MATERIAL SHOWN:

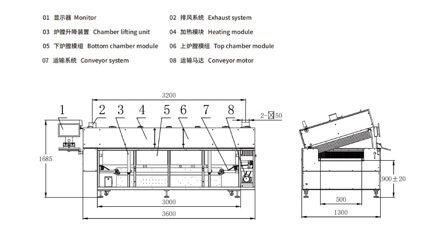 | 1.可選:機(jī)頭機(jī)尾可凸出,凸出上爐膛外側(cè)面尺寸300mm(整機(jī)尺寸會(huì)加長(zhǎng)600mm)。 2.注明:根據(jù)產(chǎn)能要求,推薦溫區(qū)數(shù)量?jī)?yōu)先選擇:4溫區(qū)、5溫區(qū)、 8溫區(qū)、9溫區(qū)、10溫區(qū)、12溫區(qū),可定制。 | |||
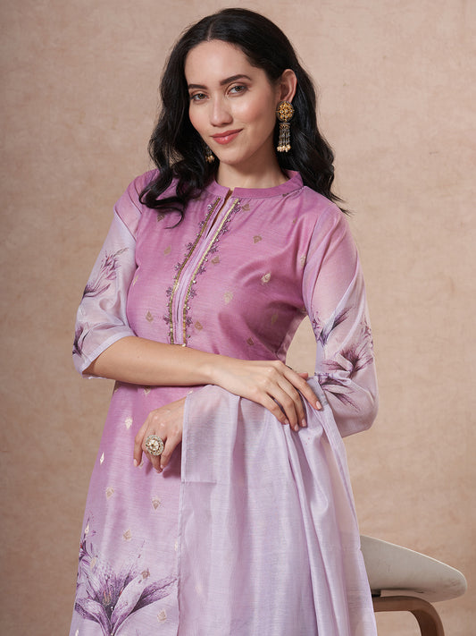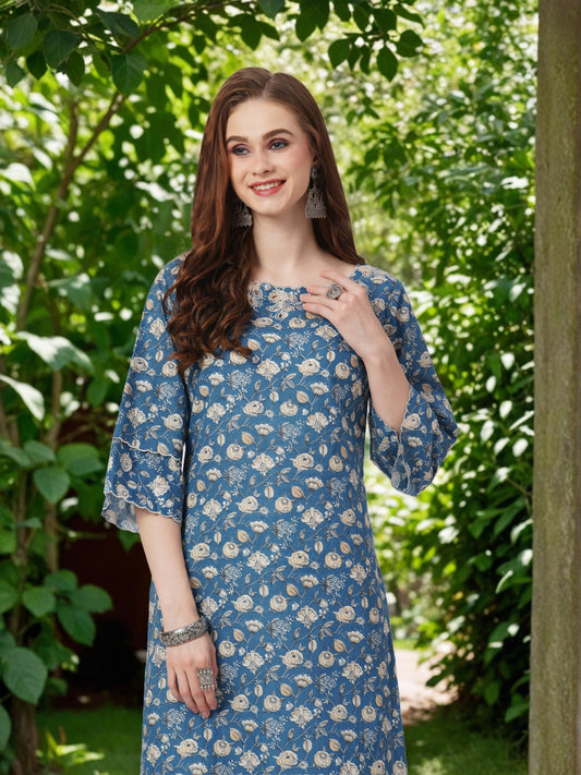 Floral Printed Embroidered Straight Fit Kurta with...
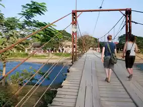 Atmosphere: An untrustworthy bridge with gaps between wooden planks… This bridge offers a beautiful view of the river and surrounding mountains in Vang Vieng, so don’t miss this during your stay!
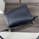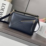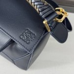 cowhide leather The Puzzle handbag is the debut handbag launched by creative director Jonathan Anderson for Loewe. *The rectangular shape and precise cutting techniques create the Puzzle's unique geometric lines. *Made of Nappa cowhide leather *With a hand-woven top handle. Shoulder or crossbody *Adjustable and detachable shoulder strap *One suede interior slip pocket and one exterior rear zipper pocket *Cowhide leather zipper pull *Herringbone cotton canvas lining with Anagram embossing
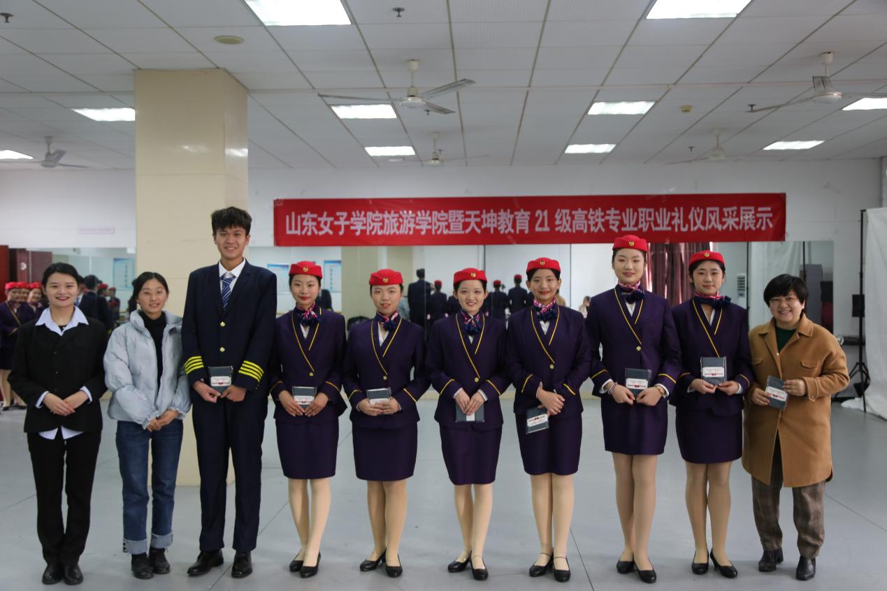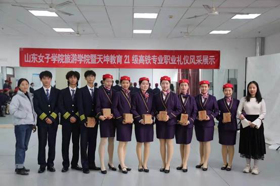 12月9日,上海天坤国际教育集团携手山东女子学院旅游学院组织2021级旅游管理专业(高铁运营与管理方向)学生举办了第二届“展礼仪文化,现职业风采”为主题的职业礼仪展示活动。
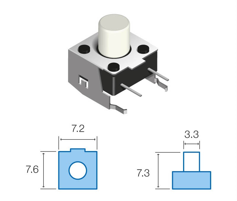 Pulsador de tacto horizontalPulsador Tacto Miniatura Horizontal con referencia de producto 21728-DI
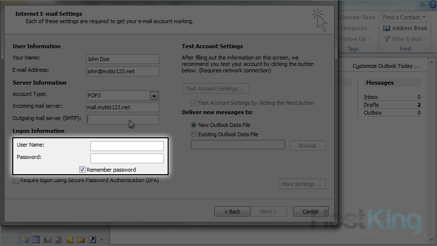 11) Enter your full email address as the user name, and the password.
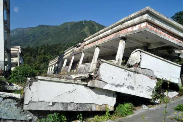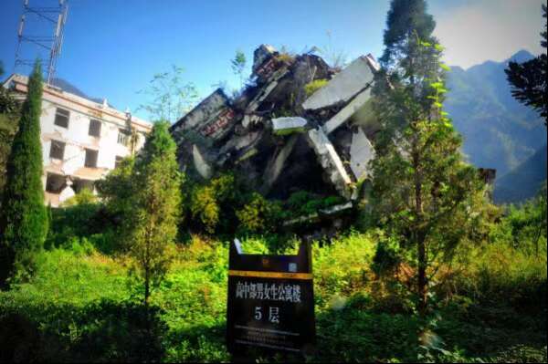 地震遗址漩口中学教学楼5楼变为了1楼
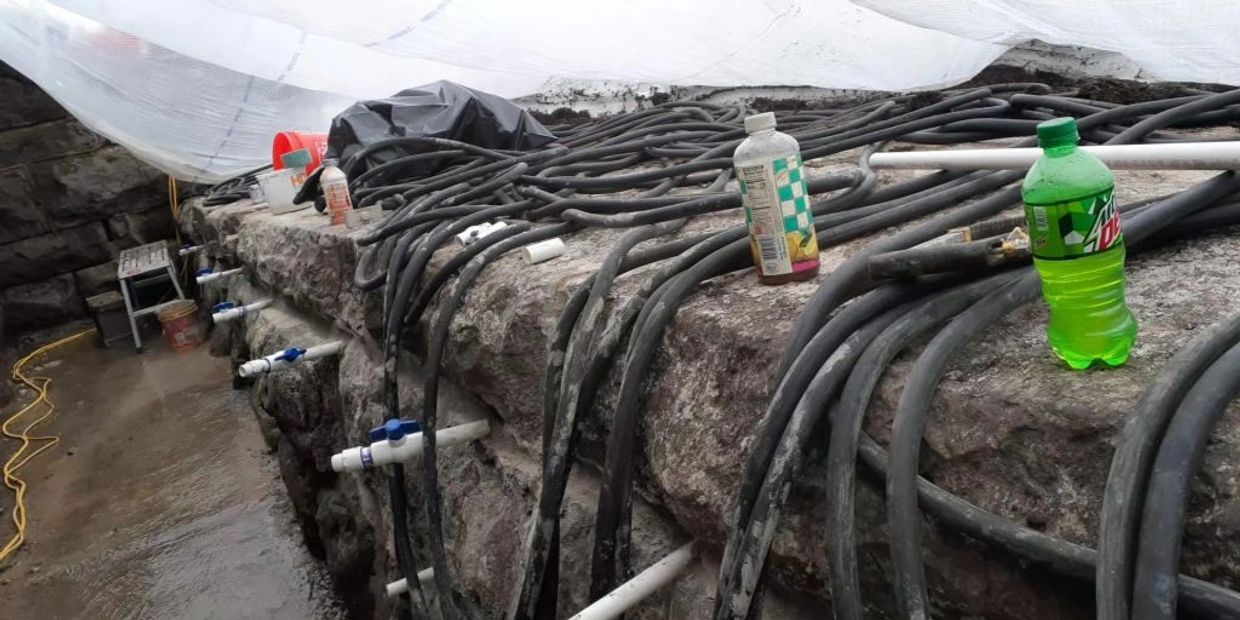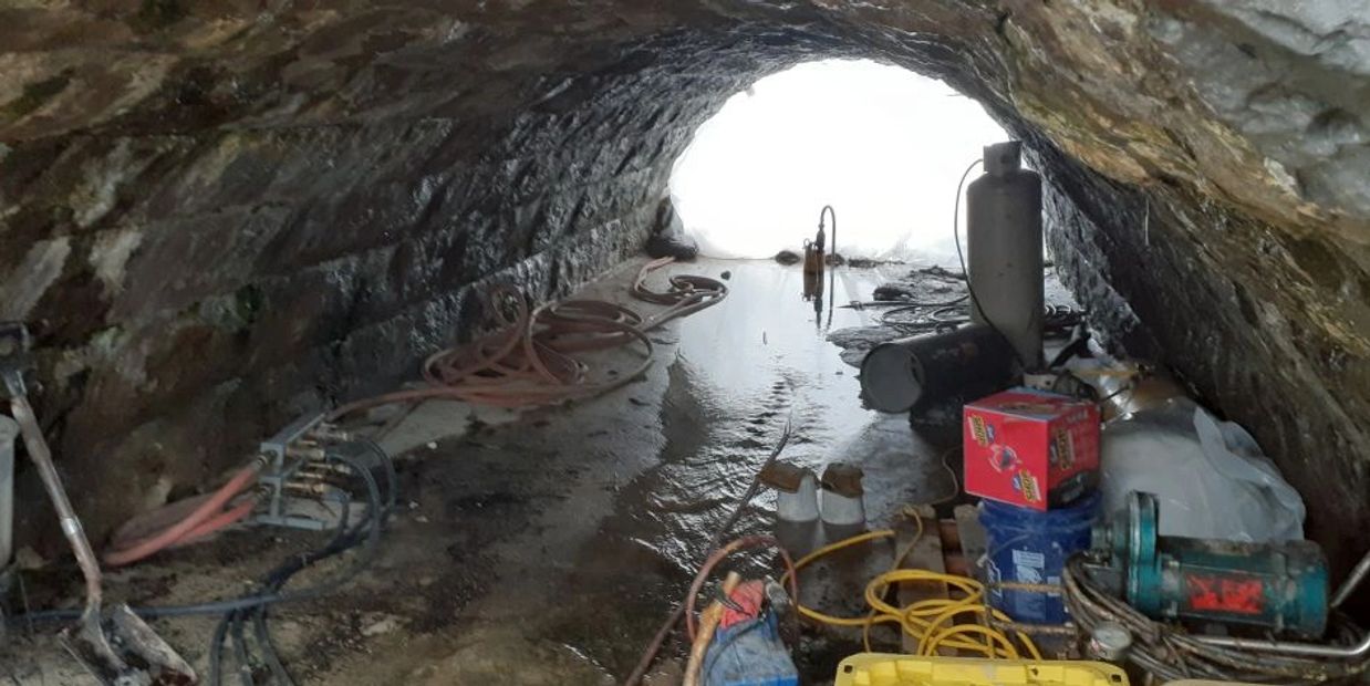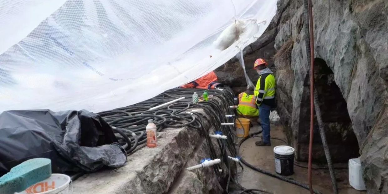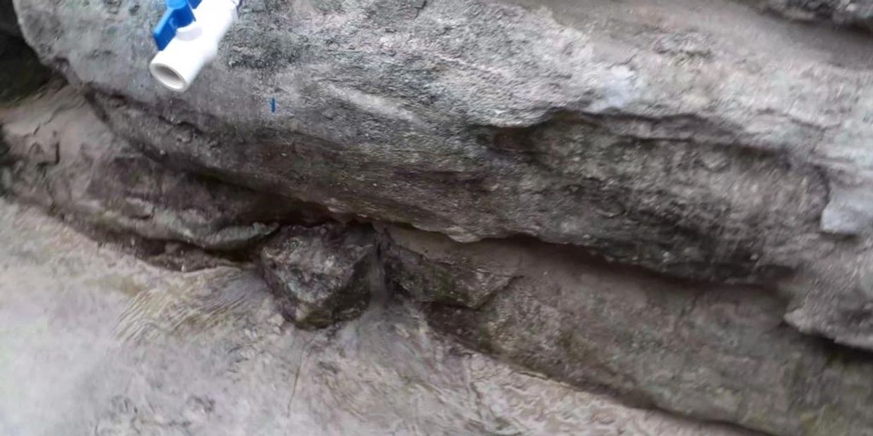 The white pvc pipes were installed in the openings for use to feed the pressure grout into the spillway using the blue valves to control the flow/volume of the grout. Once completed, these pvc pipes will be cut off and sealed.

EXERCISE DIRECTIONS:
The expected output is the full material above, unaltered, with pictures removed.

FINISHED EXERCISE:
 | 1.可選:機(jī)頭機(jī)尾可凸出,凸出上爐膛外側(cè)面尺寸300mm(整機(jī)尺寸會(huì)加長(zhǎng)600mm)。 2.注明:根據(jù)產(chǎn)能要求,推薦溫區(qū)數(shù)量?jī)?yōu)先選擇:4溫區(qū)、5溫區(qū)、 8溫區(qū)、9溫區(qū)、10溫區(qū)、12溫區(qū),可定制。 | |||
 Floral Printed Embroidered Straight Fit Kurta with...
 Atmosphere: An untrustworthy bridge with gaps between wooden planks… This bridge offers a beautiful view of the river and surrounding mountains in Vang Vieng, so don’t miss this during your stay!
 cowhide leather The Puzzle handbag is the debut handbag launched by creative director Jonathan Anderson for Loewe. *The rectangular shape and precise cutting techniques create the Puzzle's unique geometric lines. *Made of Nappa cowhide leather *With a hand-woven top handle. Shoulder or crossbody *Adjustable and detachable shoulder strap *One suede interior slip pocket and one exterior rear zipper pocket *Cowhide leather zipper pull *Herringbone cotton canvas lining with Anagram embossing
 12月9日,上海天坤国际教育集团携手山东女子学院旅游学院组织2021级旅游管理专业(高铁运营与管理方向)学生举办了第二届“展礼仪文化,现职业风采”为主题的职业礼仪展示活动。
 Pulsador de tacto horizontalPulsador Tacto Miniatura Horizontal con referencia de producto 21728-DI
 11) Enter your full email address as the user name, and the password.
 地震遗址漩口中学教学楼5楼变为了1楼
 The white pvc pipes were installed in the openings for use to feed the pressure grout into the spillway using the blue valves to control the flow/volume of the grout. Once completed, these pvc pipes will be cut off and sealed.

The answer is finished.